▶ [Exercise] Look through the lines below for the word "Gesundheit", and copy every line that has it.

Records from a data collection
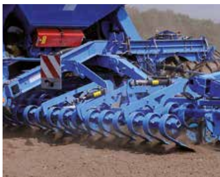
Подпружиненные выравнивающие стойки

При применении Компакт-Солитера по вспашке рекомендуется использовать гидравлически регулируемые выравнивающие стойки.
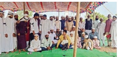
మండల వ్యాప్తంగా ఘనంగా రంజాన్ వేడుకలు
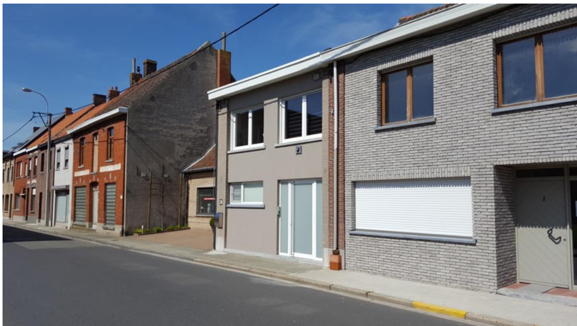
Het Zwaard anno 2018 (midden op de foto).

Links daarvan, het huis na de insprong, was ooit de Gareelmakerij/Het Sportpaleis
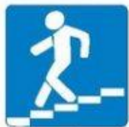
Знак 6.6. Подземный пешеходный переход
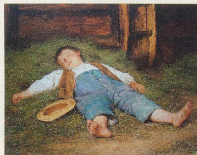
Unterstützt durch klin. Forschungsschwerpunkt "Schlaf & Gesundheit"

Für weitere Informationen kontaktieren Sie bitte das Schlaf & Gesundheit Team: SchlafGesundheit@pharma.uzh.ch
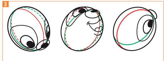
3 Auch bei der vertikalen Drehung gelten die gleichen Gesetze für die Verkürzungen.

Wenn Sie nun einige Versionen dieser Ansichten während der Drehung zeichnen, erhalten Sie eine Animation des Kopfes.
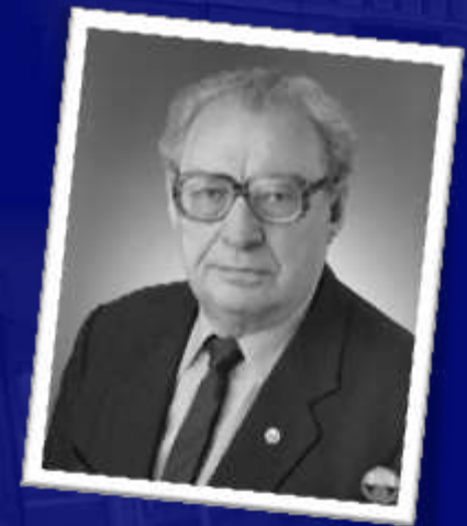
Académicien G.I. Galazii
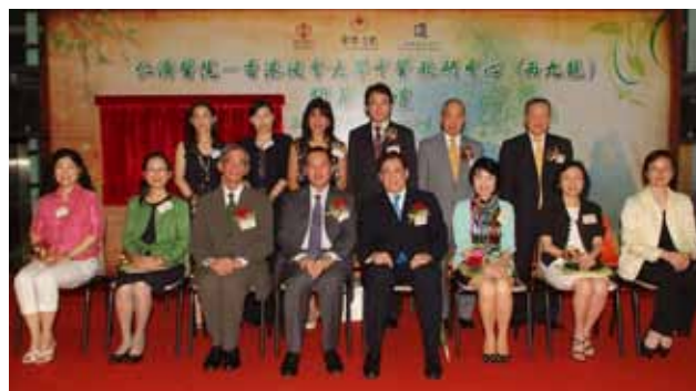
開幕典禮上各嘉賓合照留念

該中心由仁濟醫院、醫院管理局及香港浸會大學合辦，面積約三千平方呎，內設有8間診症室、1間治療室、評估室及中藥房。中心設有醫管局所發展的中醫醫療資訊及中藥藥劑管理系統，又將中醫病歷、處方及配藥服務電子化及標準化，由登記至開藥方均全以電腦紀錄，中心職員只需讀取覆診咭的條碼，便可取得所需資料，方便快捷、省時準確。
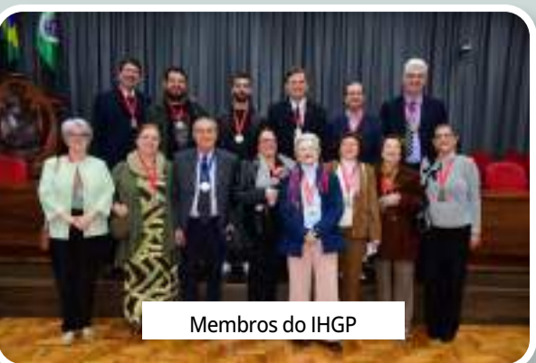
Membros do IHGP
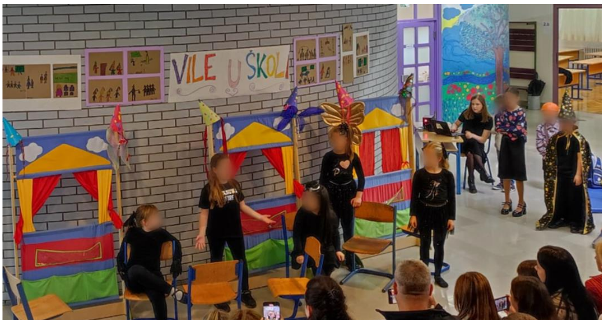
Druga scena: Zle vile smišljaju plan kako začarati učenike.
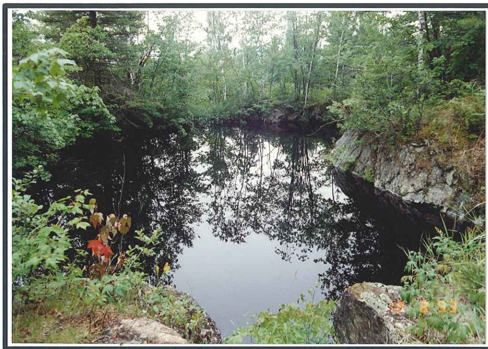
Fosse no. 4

▶ [Your response]
Unterstützt durch klin. Forschungsschwerpunkt "Schlaf & Gesundheit"
Für weitere Informationen kontaktieren Sie bitte das Schlaf & Gesundheit Team: SchlafGesundheit@pharma.uzh.ch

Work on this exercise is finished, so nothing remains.